If you enjoy this free exhibition at Arnolfini, we hope
you will make a donation to support our continuing
work and public engagement.
Kate Brindley, CEO, Arnolfini
Cover image: Daphne Wright, Clay Head (2), 2014. Unfired clay
Courtesy of the artist and Frith Street Gallery, London
All works courtesy of the artist and Frith Street Gallery unless
otherwise stated.
Emotional Archaeology at Arnolfini and Tyntesfield is supported by
Daphne Wright, Still Life Plant, 2014. Unfired clay
Courtesy of Frith Street Gallery, London
FOYER
Home Ornaments, 2002–5. Mixed media
Organised by ArtworksProject / CZWG Architects
Courtesy of Piers Gough
The group of domestic objects in Home Ornaments
was produced by Daphne Wright as part of a public
art project during the redevelopment of the Gorbals
housing estate in Glasgow. They were placed in each
of the newly built flats on a specially built shelf, prior to
the new residents moving in. These gifts were in some
cases kept as ornaments, or ignored and even thrown
away. Wright considered the estate as a place made up
of knowledge and narrative rather than just physical
space; and the project generated debate over taste,
meaning, value and ownership.
STAIRS
Still Life Plant, 2016. Unfired clay, wire
We bring pot plants into our homes with the best of
intentions, but this lonely, neglected object represents
the sorry state of many dusty domestic cacti and sad
spider plants. Still Life Plant is made from a material
that, until fired in a kiln, remains precarious and delicate.
GALLERY 1
Stallion, 2009. Marble dust, resin
Commissioned by Carlow County Council, Ireland
Primate, 2009. Marble dust, onyx, resin, paint and silk
embroidery
Swan, 2007. Marble dust, resin
Commissioned by Meadow Art Gallery and Frith Street
Gallery
Markers, 2009. Watercolour on paper
Lamb, 2006. Marble dust, resin
Private collection
This gallery includes a collection of sculptures, casts
made from marble dust and resin. These reference
the museum practice of acquiring reproductions of
artworks in order to complement their collections,
and the presentation is familiar from traditional and
classical sculpture, both in the display of works and in
themes explored by the artist.
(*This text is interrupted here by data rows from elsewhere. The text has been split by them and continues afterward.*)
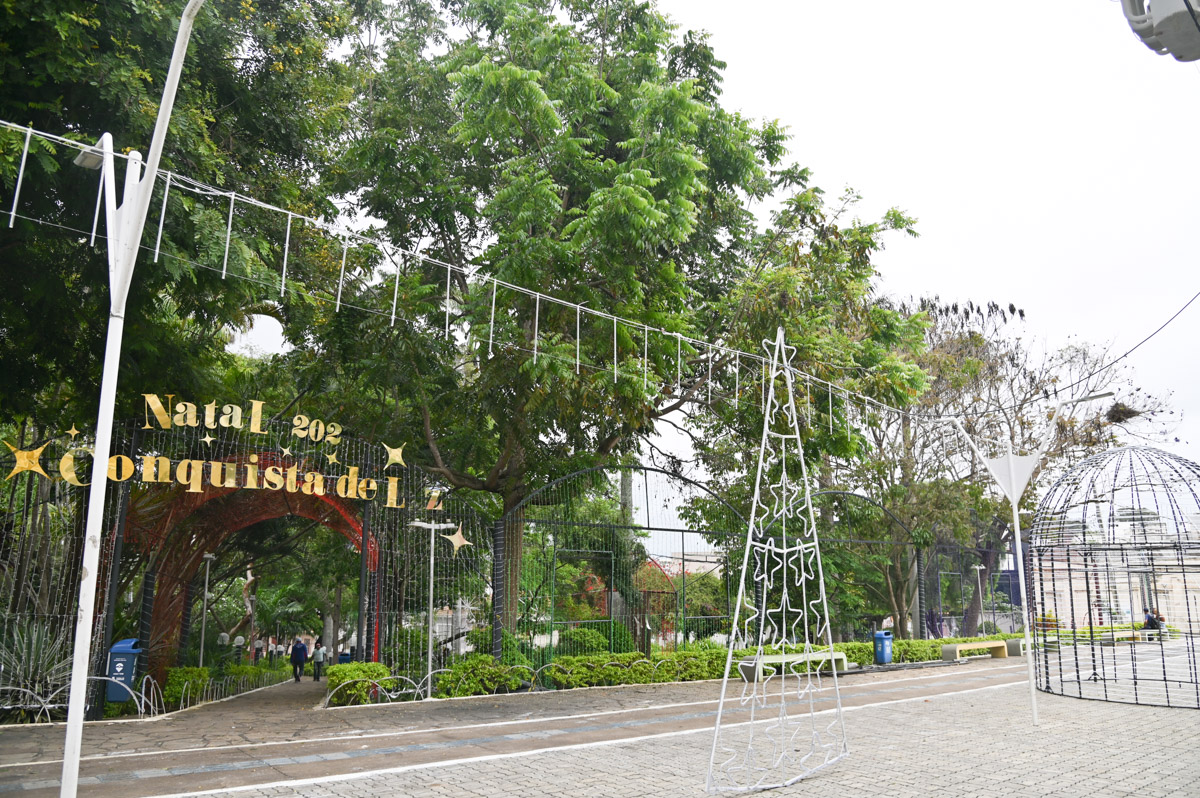 Com um espetáculo de luzes, ornamentação e sons, a decoração natalina atrai milhares de conquistenses e visitantes. Instalada num dos pontos mais importantes da cidade, a estrutura contará com um presépio de temática nordestina, duas árvores de LED de 3 metros instaladas em cada lago, pergolado de meteoros, cúpula instagramável e totens iluminados no entorno da praça.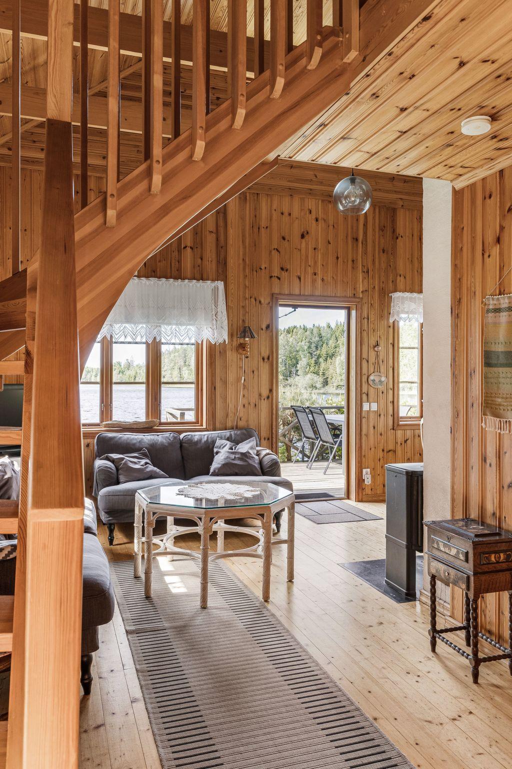 "Kasen Sjökanten", 3-Zimmer-Haus 70 m2 auf 2 Stockwerken. Mit viel Holz eingerichtet: Wohnzimmer mit Schwedenofen und Sat-TV. Ausgang zur Terrasse. 1 Zimmer mit 2 Betten. Offene Küche (3 Kochplatten, Backofen, Geschirrspüler, Toaster, Wasserkocher, Mikrowelle, Tiefkühler, Grill, elektrische Kaffeemaschine) mit Esstisch. Dusche/WC. E-Heizung. Obergeschoss: 1 abgeschrägtes Zimmer mit 2 Betten und 1 Doppeldiwanbett. Holzdielenboden. Terrasse. Terrassenmöbel, Gartengrill (mobil). Schöne Sicht auf den See. Zur Verfügung: Bügeleisen, Babybett. Bitte beachten: Nichtraucher-Haus. Rauchmelder, Feuerlöscher. Gefrierschrank ca. 80 l. Flexibilität bei der Bettenaufteilung: Es stehen mehr Schlafmöglichkeiten zur Verfügung als die maximal zugelassene Personenzahl, diese darf dennoch nicht überschritten werden.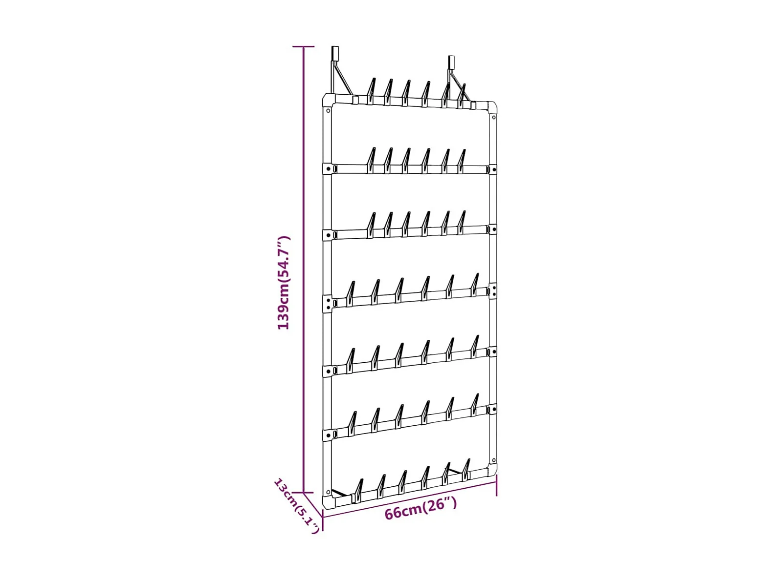 Étagère à chaussures suspendue Argenté 66x13x139 cm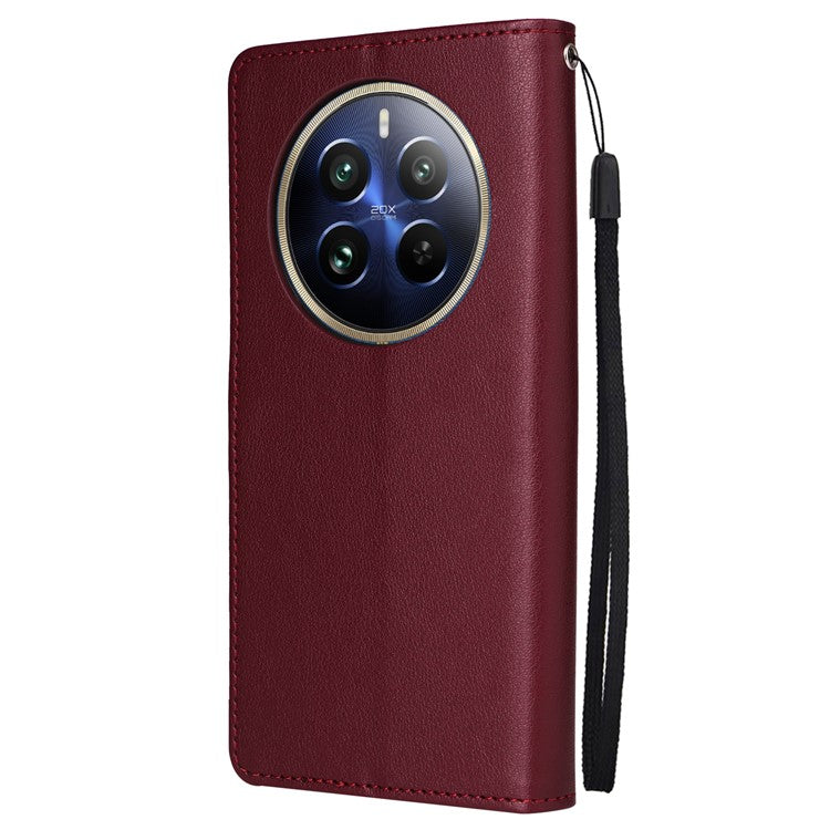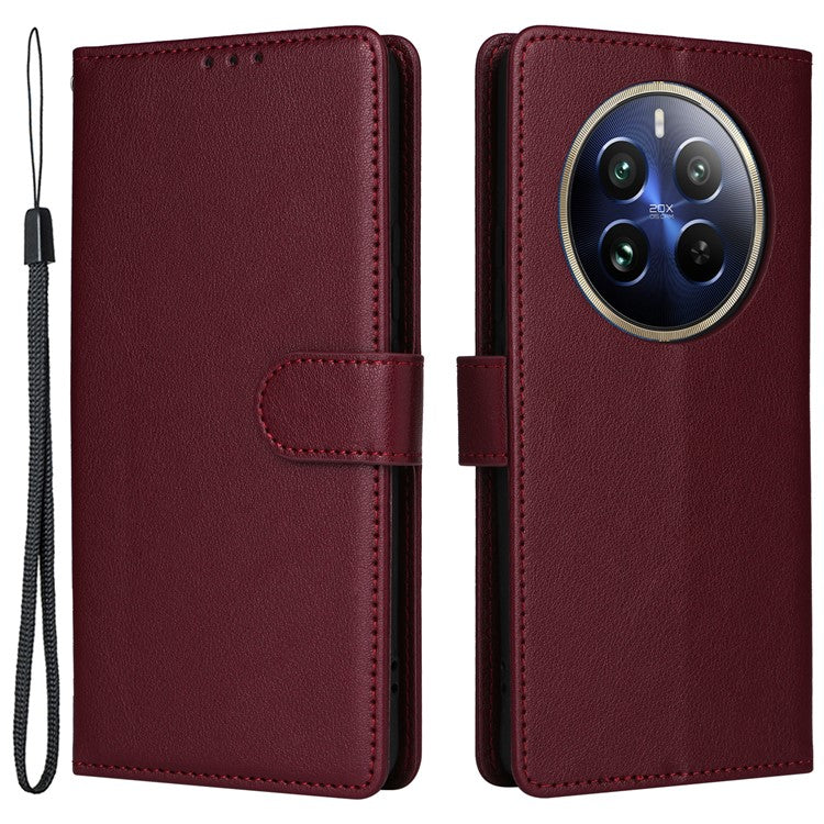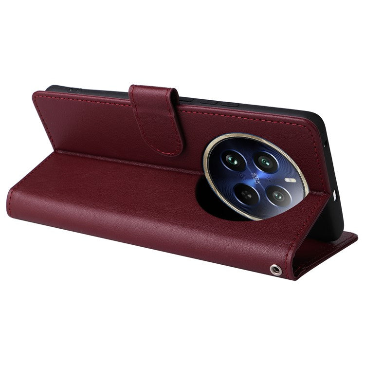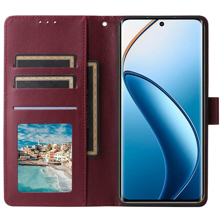 For Realme 12 Pro+ 5G / Realme 12 Pro 5G Case 3 Card Slots PU Leather Wallet Stand Phone Cover - Wine Red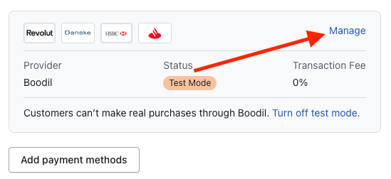 If necessary, the configuration form can be accessed via Shopify Admin. Click "Settings" > "Payments", then you can manage your Boodil credentials by clicking the "Manage" button on the displayed page.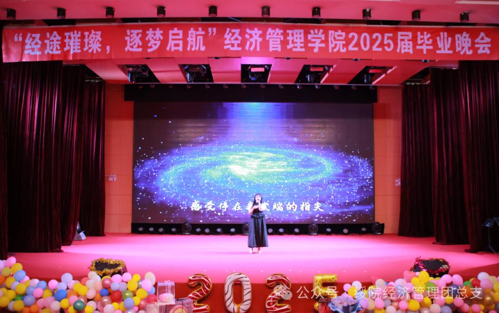 随着逐梦乐队激昂的旋律与动感的节奏在会场上空激荡,热烈的氛围迅速席卷全场。在观众们此起彼伏的欢呼声中,主持人面带微笑登上舞台,向即将踏上人生新征程的2025届毕业生致以最诚挚的祝福,宣告毕业晚会正式拉开帷幕。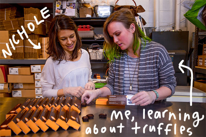 I was excited to interview Nichole Dandrea and her husband, Ricky, co-founders of nicobella organics, not just because they were the first food company we’d be talking to, but because they work in a literal chocolate factory. I couldn’t stop myself from imagining a colorful, Oompa Loompa-filled landscape with chocolate rivers and ponds.

Swan, for example, refers
to the fallen young male which is found in the Greek
myth ‘Leda and the Swan’, as well as the 1923 WB
Yeats poem of the same title.
The dominant work in the room is Stallion, a fullsize partially-flayed death mask, which combines
the majesty of a powerful heroic animal with the
tragedy befitting a great historical figure. Upturned
and struggling at our feet, we have stumbled upon
a defeated beast that has lost a battle yet retains
its anatomical grandeur. We would normally find
sculptures such as this standing grandly on top of a
plinth, but Wright’s presentation of this fallen animal
makes us question what happened to this creature.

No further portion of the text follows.